Published: Tue 13 Dec 2016, 8:46 PM

Last updated: Tue 13 Dec 2016, 11:15 PM

Private sector companies in Dubai reported another solid improvement in business conditions during November.
Moreover, the latest survey highlighted a recovery in growth momentum from the six-month low recorded in October.
At 55.2 in November, up from 53.2 in the previous month, the seasonally adjusted Emirates NBD Dubai Economy Tracker Index signalled the strongest improvement in business conditions since August. As a result, the index signalled that overall growth was broadly in line with the average since the survey began at the start of 2010 (55.1).
November data pointed to a mixed picture across the three key sectors monitored by the survey. Travel and tourism was the best performing area (57.5), followed by wholesale and retail (56.1), while construction companies reported only a modest upturn in overall business conditions (51.8).
The headline Emirates NBD Dubai Economy Tracker Index is derived from individual diffusion indices which measure changes in output, new orders, employment, suppliers' delivery times and stocks of purchased goods.
A reading of below 50.0 indicates that the non-oil private sector economy is generally declining; above 50.0, that it is generally expanding. A reading of 50.0 signals no change.
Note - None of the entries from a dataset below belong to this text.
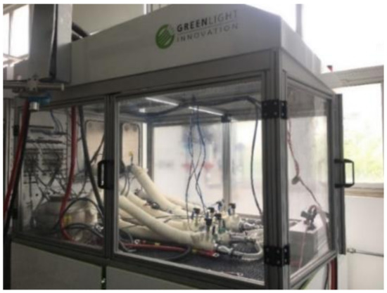 The platform for the durability cycle test of the fuel cell stack is FCATSTMG500, which is produced by the Greenlight Innovation Corp. (Burnaby, BC, Canada) which is shown in Figure 1.
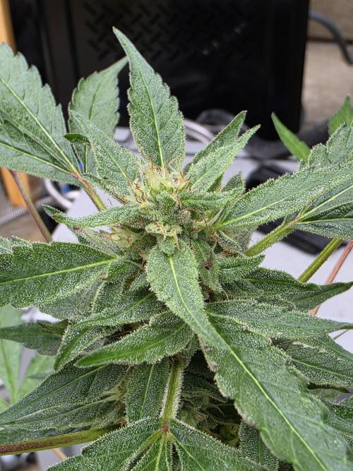 GothBotanical This week marked the true start of early flower for the outdoor girls. Bud sites began to form across all three plants, with fine white pistils just starting to appear at the tops. The 5-gallon plant showed the earliest transition, while the two 3-gallon pots lagged slightly behind but followed the same pattern by the end of the week. Overall size remained compact — they’re still small, with only modest stretch so far. Color stayed light to medium green, a sign they’re still settling into the bloom phase and pulling nutrients upward. Weather was warm and humid at times, especially after light rain early in the week, so you kept airflow up and sprayed Lost Coast Plant Therapy around Sept 30 and Oct 2 as part of your pest-prevention routine. No new top-dress or compost tea this week; they’re still feeding off previous amendments while roots adjust to flower demand. Week 7 was a quiet transition phase — pistils popping, structure tight, and the first real signs that flowering has begun.
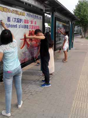 8月8日下午,由旅游学院2014级商务日语3班志愿者们组成的社会实践小分队来到钱塘江路的公交车站,对遭到风雨侵蚀和人为损坏的公交车站进行了公交站牌清洁活动。

The survey covers the Dubai non-oil private sector economy, with additional sector data published for travel and tourism, wholesale and retail and construction. Commenting on the Emirates NBD Dubai Economy Tracker, Khatija Haque, Head of Mena Research at Emirates NBD, said: "The Dubai Economy Tracker signals a faster rate of expansion for non-oil firms in Dubai in November, and this seems to have been led by the travel and tourism sector. The introduction of visas-on-arrival for Chinese nationals (announced in September) may have contributed to the growth in this sector over the last couple of months."
The rebound in the headline index was supported by a sharp and accelerated expansion of private sector output in November. Survey respondents commented on stronger consumer demand in particular, alongside new product launches and successful price discounting strategies. However, the construction sector bucked the overall trend in November, with output growth slipping to a five-month low amid reports citing subdued investment spending among clients.
Employment levels increased slightly in November, but the rate of job creation remained weak in comparison to the trends seen prior to mid-2015. Sector data indicated a return to jobs growth in travel and tourism and wholesale and retail, but construction companies reported a drop in staffing levels for the first time since June. Stronger new business volumes were the main driver of the upturn in business conditions during November, with all three key sub-sectors reporting faster sales growth. Anecdotal evidence suggested that an improving economic backdrop and greater confidence among clients had underpinned the rise in new work. Looking ahead, private sector companies in Dubai are optimistic about their growth prospects for the year ahead, particularly travel and tourism companies. A number of firms cited projects related to Expo 2020, alongside hopes of a general upturn in economic conditions across the region.
November data signalled that input price inflation edged up to its strongest for five months, led by the steepest rise in construction sector costs since August 2015. Despite widespread reports citing higher raw material prices, private sector companies continued to lower their average charges in November. Price discounting has now been recorded for four months running, linked to competitive pressures and efforts to secure new work.